There is still work to be done. I believe we need to improve the support that the SFO provides to non- European francophonic countries, such as those in Africa, especially in terms of educational programs. We should continue to facilitate the participation of doctors from these countries at our congress.

2. What are some ways that the SFO promotes interaction among subspecialties?
Subspecialty societies are organized within the national society. At the main meeting, each subspecialty is designated 1 full day to focus on that society's research. We also hold joint meetings of the national and subspecialty societies.

This year, we are introducing a new badge format. Instead of a badge with a barcode, participants will be given a card that contains an electronic device. The card is recognized by scanners set up at entranceways to the various sessions (ie, wet lab, main symposium, free paper session). Our hope is that this format will improve circulation of participants from various subspecialties throughout the congress. The badge will contain the participant's registration registration information and will also calculate his continuing medical education (CME) credits.

3. What advice do you have for colleagues who want to publish their research but struggle to find time to do so?
Papers issued at SFO meetings are often printed in the French Journal of Ophthalmology. These papers are published in French, and the papers are available on Medline. Unfortunately, many people in France do not speak English and this generally prevents scientists and doctors from publishing in peer-reviewed journals in which English is the official language. Additionally, for those who are somewhat familiar with English, writing a paper in English is often a lengthy process. It is truly a pity that data is lost whether it is due to language or time constraints. In the interest of knowledge sharing, publishing one's work is vital.

4. What would you like to accomplish over the next 5 years?
We should think in terms of Europe as a whole, not just in terms of one person or each individual country. In my opinion, we should pull together the resources of the national societies to create a European society that conducts large multicenter studies, and defines guidelines for best practices and educational programs. We need to encourage investigators from the subspecialties and national societies throughout Europe to work together on large projects. It would be interesting to see largescale studies conducted in Europe that could achieve the same scope as those performed in the United States.

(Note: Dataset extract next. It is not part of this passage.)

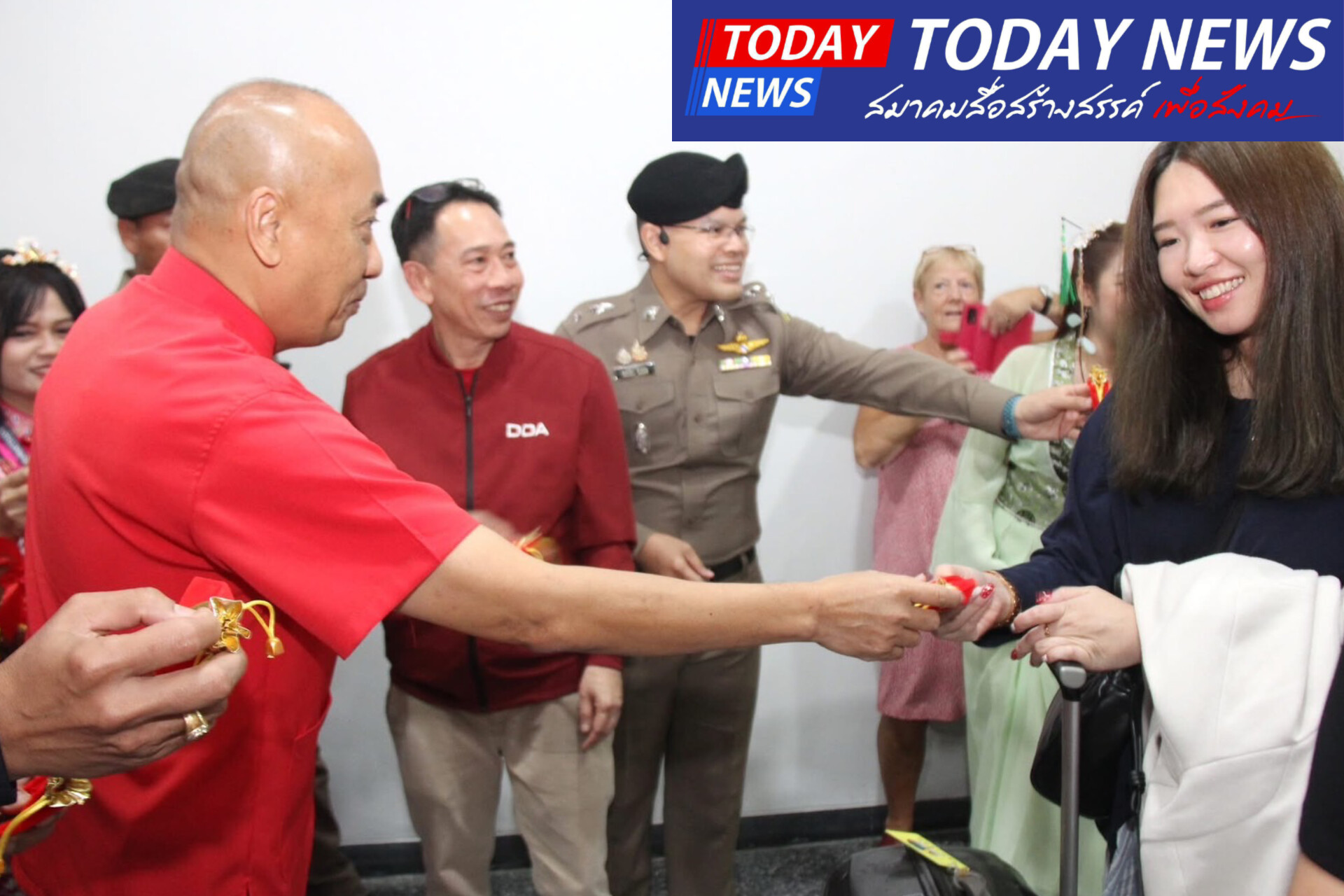 เย็นวันนี้(29 ม.ค.68) ณ ห้องโถงชั้น 1 อาคารที่พักผู้โดยสารท่าอากาศยานสุราษฎร์ธานี นายธีรุตม์ ศุภวิบูลย์ผล ผู้ว่าราชการจังหวัดสุราษฎร์ธานี มอบหมายให้ว่าที่ร้อยโท สมชาย เรืองจันทร์ ปลัดจังหวัดสุราษฎร์ธานี พร้อมด้วยผู้เกี่ยวข้อง ร่วมให้การต้อนรับพร้อมมอบสิ่งของที่ระลึกแก่นักท่องเที่ยวชาวจีน ที่เดินทางมาจังหวัดสุราษฎร์ธานี โดยเที่ยวบินเช่าเหมาลำของสายการบินไลอ้อนแอร์ เส้นทางไทเป – สุราษฎร์ธานี รวมกว่า 180 ชีวิต เพื่อเดินทางมาพักผ่อนท่องเที่ยวในพื้นที่จังหวัดสุราษฎร์ธานี ซึ่งตรงกับช่วงเทศกาลวันตรุษจีน (Chiness New Year)

5. Describe your ideal vacation destination.
It is difficult to feel free to take a vacation because I am always working on one of my missions. As a professional woman and a mother of three children, I need to divide my brain to perform all of the daily tasks required of me. Thanks to latest advancements of the mobile phone, it is much easier for me to take care of many things at the same time. I believe that being busy makes one learn how to set priorities and develop time management skills. When I am able to take a vacation, I take a true vacation. I go as far away as possible with my family and I devote all of my attention to them.